Confirms process-based regulation is necessary

A new study[1] by Chinese researchers has been hailed in a lobbying post as showing that plant gene editing via CRISPR is precise, predictable, and controllable.

In fact, however, it shows the opposite – that the CRISPR process, taken as a whole, causes large numbers of off-target mutations.

The clear conclusion for those of us without an interest in promoting GMOs is that process-based regulation of CRISPR’d plants, which takes account of the inherent risks and shortcomings of the GM procedures used to make them, is needed.

However, the lobbyist uses the findings of the new study to argue that GMO regulations should be changed to product-based: That is, they should only consider the intended product and ignore the process by which the plant was generated.

Such lobbyists aim to dismantle the EU's process-based GMO regulation, which acknowledges the inherent uncertainties of the GM process, and replace it with product-based regulation such as that of North America, where only the intended resulting product is assessed for risk.

The lobbyist's reasoning

The lobbyist writes that the study shows that tissue culture and "spontaneous" mutations are the source of most nucleotide (base units of DNA) variations – and not the genome editing process itself.

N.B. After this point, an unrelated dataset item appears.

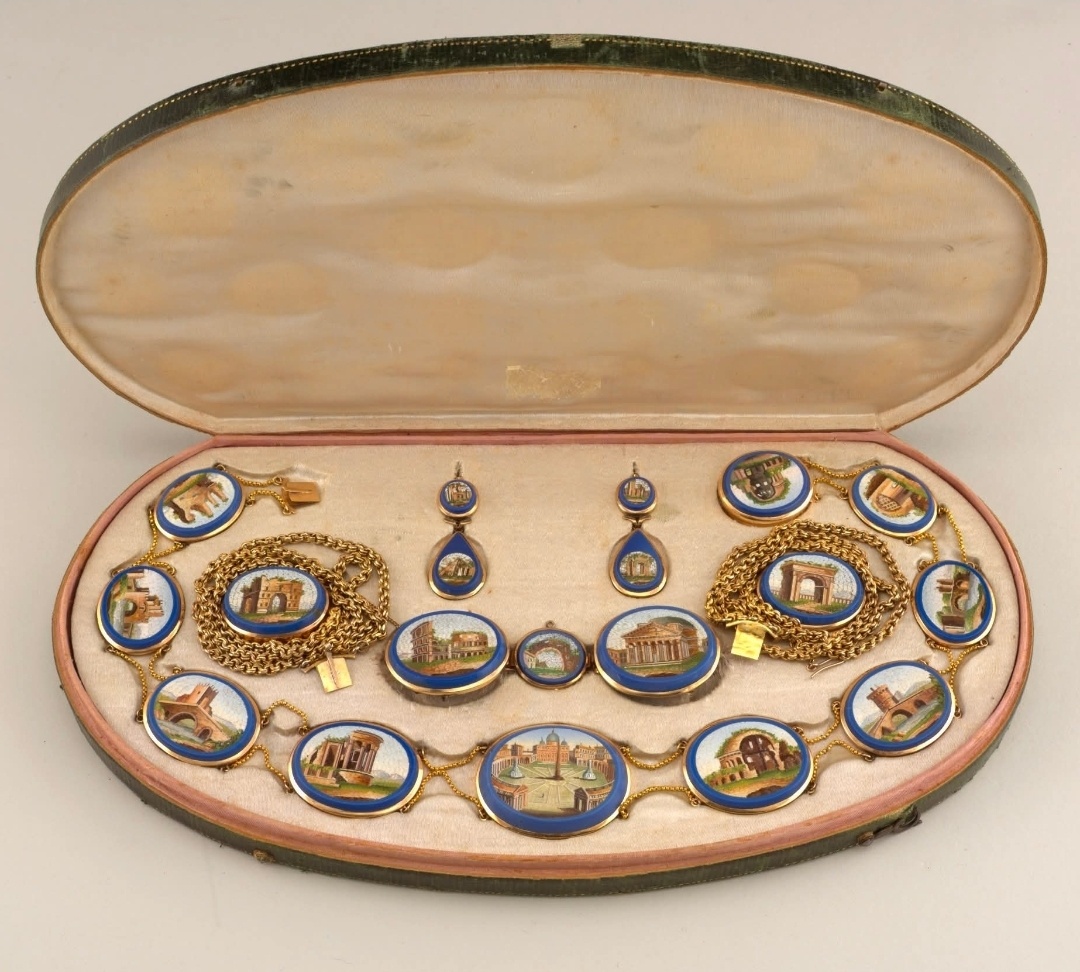 Джакомо Раффаэлли (1753–1836) — один из первых, кто начал использовать микромозаику в ювелирных украшениях, вдохновляясь живописью старых мастеров.

The lobbying post is written by the CEO and co-founder of a plant biotechnology company. He points out that the authors of the new study found that the safest breeding approach, harvesting seeds from non-GM parent lines, introduces around 30 to 50 spontaneous mutations into the next generation in rice. The authors also observed around 200 tissue culture-introduced somaclonal variations per rice plant. Somaclonal variation is the genetic variation among the progeny of a plant regenerated from that plant's cells grown in tissue culture.

The lobbying post adds that the authors found, "in stunning contrast to many conventional breeding technologies", that editing of the target genes was "exceptionally precise" because they could not find any off-target mutations in 47 out of 49 rice plants edited by certain CRISPR tools.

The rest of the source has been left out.